Tuesday, October 30, 2007

Rule of Lenity Applied to Definition of "Antique Firearm" in Unregistered Shotgun Case

In United States v. Introcaso, __ F.3d __, 2007 WL 3104382 (filed October 25, 2007), the Court reversed the defendant’s conviction for possessing an unregistered firearm – a 19th-century shotgun that had been hanging in his living room, holding that the definition of "antique firearm" under the statute, 26 U.S.C. § 5845(g), is ambiguous and applying the rule of lenity in favor of the defendant.

The parties agreed that the shotgun was manufactured before 1898, and also agreed that its measurements met the statutory requirements for a firearm. The case turned on the language in the definition exempting firearms "using fixed ammunition manufactured in or before 1898, for which ammunition is no longer manufactured in the United States and is not readily available in the ordinary channels of commercial trade." The government argued that although the 18.2-millimeter shot made for guns like the defendant’s is no longer available, the gun could fire 12-gauge shotgun shells, which are currently commercially available.

The Court found that the term "for" in the phrase "for which ammunition is no longer manufactured" is susceptible to two readings: specifically designed for or able to be used in. The statutory purposes – regulation of guns to control violence and avoiding undue burdens on museums and collectors – do not favor one reading over the other. The Court rejected the analysis of a Second Circuit case, United States v. Tribunella, 749 F.2d 104, 109 (2d Cir. 1984), which concluded that it was "more likely" that Congress intended to prioritize decreasing gun violence and applied the second reading (able to be used in). In so doing, the Court discussed the rule of lenity at length, decided not to "guess" at the meaning of the statute, and held that because the ammunition specifically designed for this shotgun was no longer manufactured, it was an antique firearm and did not need to be registered.
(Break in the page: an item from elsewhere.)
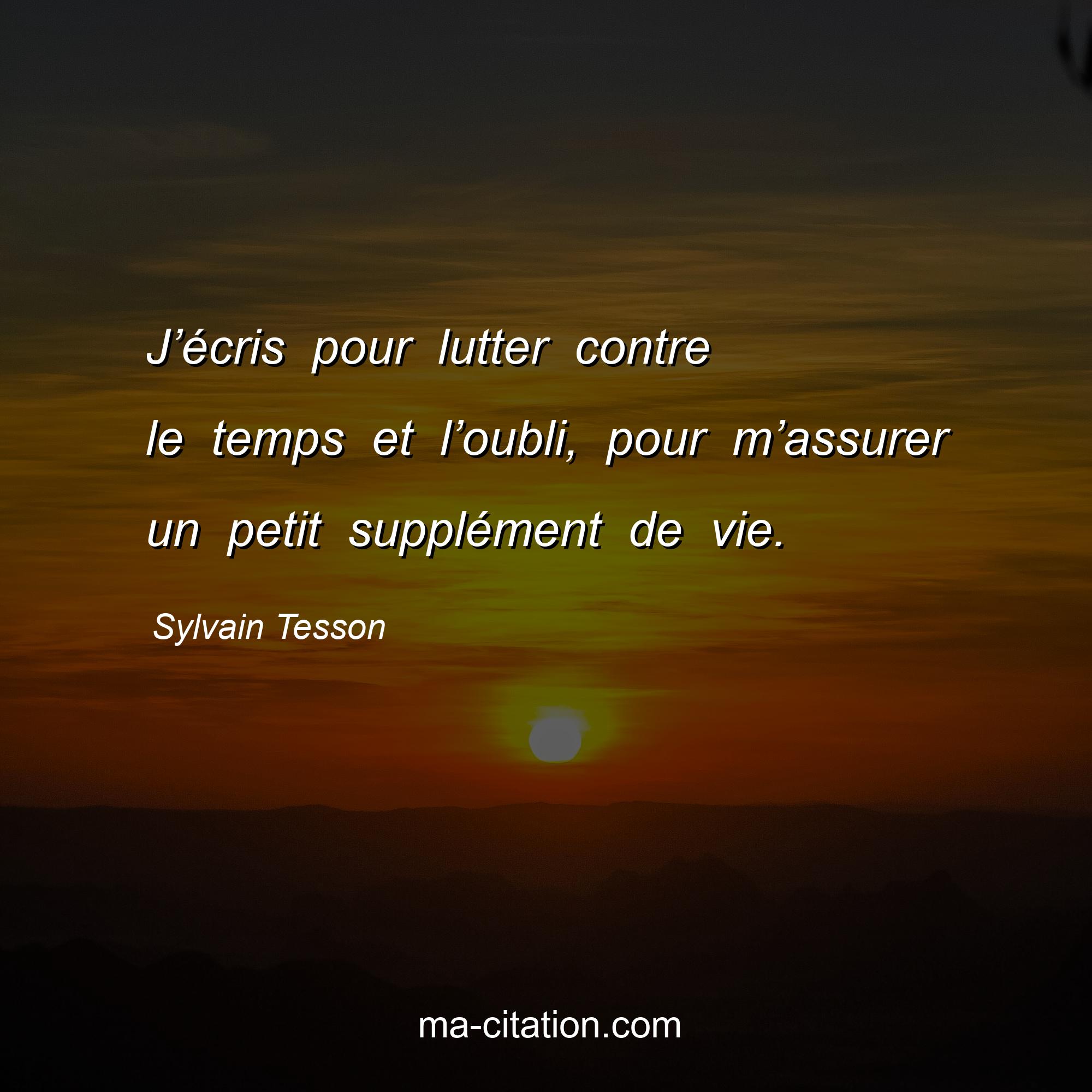 Citation sur la vie de Sylvain Tesson :J’écris pour lutter contre le temps et l’oubli, pour m’assurer un petit supplément de vie.

Judge Ackerman, district judge sitting by designation, dissented on the basis that "the Second Circuit’s reasonable construction of § 5845(g) . . . comports with the statute's plain text and congressional intent."

The Court rejected the defendant’s sufficiency of the evidence challenge to a second count charging possession of unregistered destructive devices (hand grenades) because although Introcaso had been barred from going to the house where the items were discovered due to a protective order, he was the lessee of record, had occupied the house as recently as a week before, had been seen with similar devices, and his wife’s keys did not work to open the locked cabinet in which the items were stored. The Court also rejected the defendant’s challenge to the reasonableness of his 46-month sentence because the district court complied with the Gunter three-step process.